A powder composition for noodle making containing a mixture (A) comprising a resistant starch, vital gluten and wheat flour and a component (B) which is a sulfur-containing reducing agent,
The content of wheat flour is 20 to 60% by mass with respect to the total amount of the mixture (A) ,
The content of the resistant starch is 26.7 to 59.4% by mass with respect to the total amount of the mixture (A),
The content of vital gluten is 13.3 to 20.6% by mass with respect to the total amount of the mixture (A),
The content of component (B) is 0.00005 to 0.6 parts by mass with respect to 100 parts by mass of mixture (A),
the sulfur-containing reducing agent is cysteine,
The amount of vital gluten added is adjusted so that the total protein content of the mixture (A) is 10 to 30% by mass ,
Said composition, except when said composition comprises an indigestible dextrin. 2. The powder composition for noodle production according to claim 1, containing 0.0001 to 0.4 parts by mass of component (B) per 100 parts by mass of mixture (A). 3. The powder composition for noodle production according to claim 1, wherein the content of the resistant starch is 30 to 59.4% by mass relative to the total amount of the mixture (A). The powder composition for noodle making according to any one of claims 1 to 3, wherein the content of wheat flour is 20 to 50% by mass with respect to the total amount of the mixture (A). The content of wheat flour is 20-30% by mass relative to the total amount of the mixture (A), and the content of the resistant starch is 51.3-59.4% by mass relative to the total amount of the mixture (A). The powder composition for noodle production according to any one of claims 1 to 4, wherein the content of vital gluten is 18.7 to 20.6% by mass with respect to the total amount of the mixture (A). thing.

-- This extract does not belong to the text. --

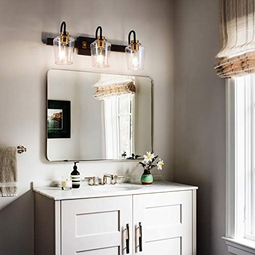 Black Self-importance Lighting BRIVOLART E26 3 Lights Self-importance Gentle Over Mirror Lengthy Rest room Lighting Fixtures(Exclude Bulb)
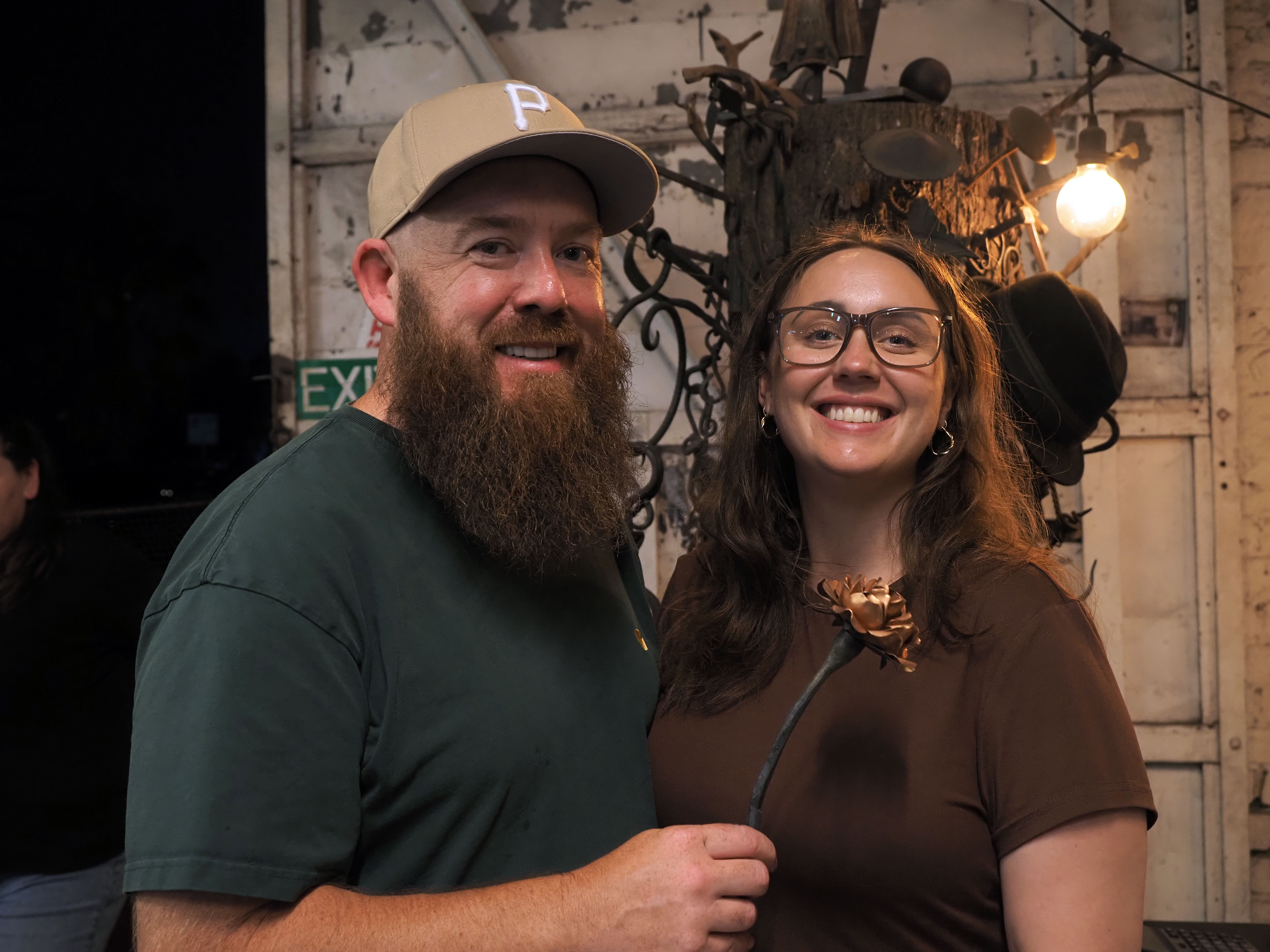 The evening starts with forging the stem of the rose from mild steel, using a hammer and anvil, before proceeding to cold forming the rose petals from copper sheeting and finishing up by assembling and affixing the petals to the stem.

The powder composition for making noodles according to any one of claims 1 to 5, wherein the resistant starch is resistant wheat starch. A noodle-making method, comprising making noodles using the powder composition for noodle-making according to any one of claims 1 to 6 as a powder material for noodle-making. The powder composition for making noodles according to any one of claims 1 to 7, wherein the noodles are hand-stretched dried noodles.